В раннюю весну появилось на крыше Павлыванычего сарая деревянное гнездо с треногой для белой, толстой и длинной трубы телескопа, и эту диковину отметили уже все. Хотя, правду сказать, не насмешничали. Что там – старому – на небе искать, кому, кроме него, ведомо? Но в звёздные степные ночи в гнезде стали появляться и другие тени, что поначалу тоже вызвало пересуды. Однако привык переулок к Павлыванычу и его причудам, как привыкают в конце концов ко всему. Живёт человек. Ну и Бог с ним. А тем же летом случился в угловом доме у Вихлянцевых скандал. Витька, младший их сын, вдруг отказался ходить на музыку. Отец Витькин Артём Сергеевич устроил допрос с пристрастием.
– Ты это своё «хочу-не-хочу» попридержи, от горшка ещё два вершка. Чего уставился как мышь на крупу? Характер показываешь?
Витька молчал.
– Ты где пропадаешь вместо того, чтобы делом заниматься? Шалопайные дружки завелись?
И тут Витька выдал.
– Пап, а почему доски плавают, а деревянные корабли тонут?
Так и выяснилось, что во Дворце молодёжи на двери у лестницы в музыкальную школу появилась самописная табличка. Дверь регулярно открывалась в полдень и запиралась в семь вечера, и вереницей шмыгала через неё не только школьная мелкота. Ключником, как выяснилось, оформлен был Павлываныч.

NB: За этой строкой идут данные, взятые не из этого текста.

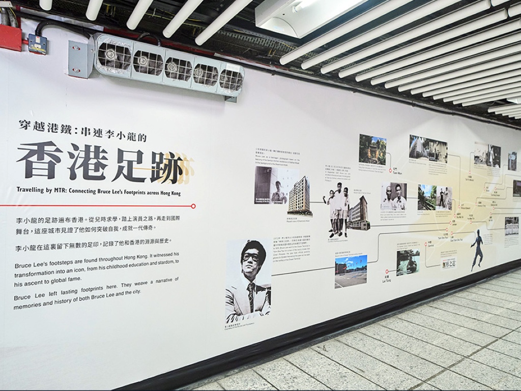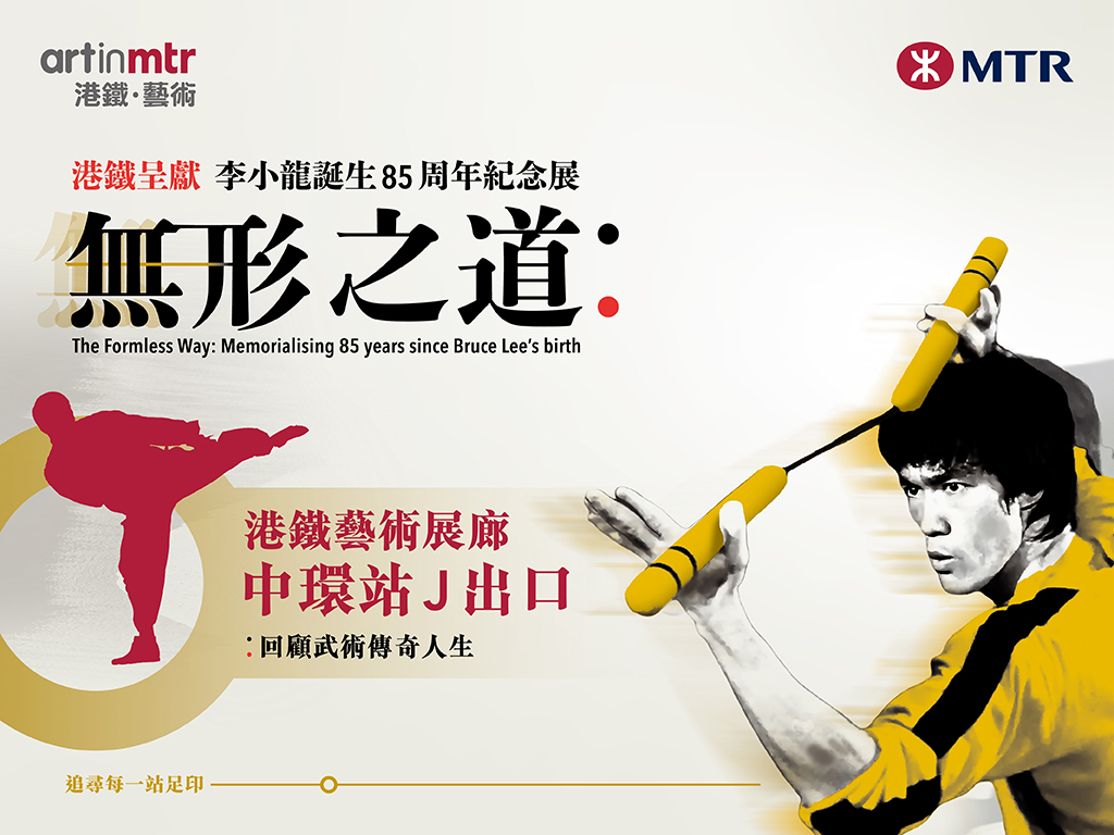 今年是傳奇巨星李小龍誕生八十五周年,港鐵公司聯同李小龍基金會及香港文化博物館,由十一月二十五日起舉辦《李小龍誕生85周年紀念展:無形之道》,展現這位成長於香港的一代宗師在電影、武術、哲學及藝術的深厚思想和內涵。乘客可以在日常旅程中,探索李小龍影響後世之「無形之道」,以平等、尊重、共融為日常修行之法,領悟一代武術傳奇如何突破界限、連接世界, 並在現今社會中持續啟發人心。
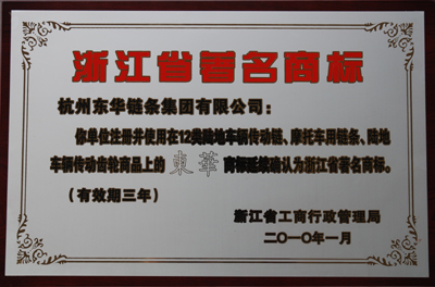 日前,東華集團注冊并使用在12類陸地車輛傳動鏈、摩托車用鏈條、陸地車輛傳動齒輪商品上的“東華”商標(biāo)被浙江省工商行政管理局復(fù)評為浙江省著名商標(biāo)。

Артёма Сергеевича перепалка с сыном не то чтобы расстроила, но зацепила и, возвращаясь на следующий день с работы, он решил выяснить обстановку на месте. В этом бывшем Доме пионеров ему впервые повязали красный шёлковый галстук, и у самого входа он неожиданно ощутил острый прилив ностальгии по тому далёкому и радостному, что кануло, но, оказывается, продолжает аукаться мелкими подробностями. С этим чувством прошёл он по гулкому коридору, разминувшись с четырьмя оживлёнными подростками явно не пионерского возраста и остановился у двери с самописной табличкой «Я И МЫ». Табличка, понятно, ничего не объясняла. Было начало седьмого, за дверью царила тишина, и Артём Сергеевич решительно вошёл в эту просторную подсобку с одним окном, разномастными стульями вокруг составного стола и большой школьной доской. От крепкого и длинного верстака у окна обернулся на вошедшего Павлываныч.
– Артюша?
На «Артюшу» Павлываныч имел возрастное право, но казённое место к панибратству не располагало, и Артём Сергеевич подобрался.
– Да я, вообще-то, ругаться пришёл.
– Ну-у, – огибая стулья протянул Павлываныч, – тогда без чая не обойтись. Или торопишься?
Место в момент перестало быть казённым.
– Да ладно, – махнул в ответ. – Можно и чаю.
– Вот и правильно. Подсаживайся, оглядись, наругаться-то успеешь.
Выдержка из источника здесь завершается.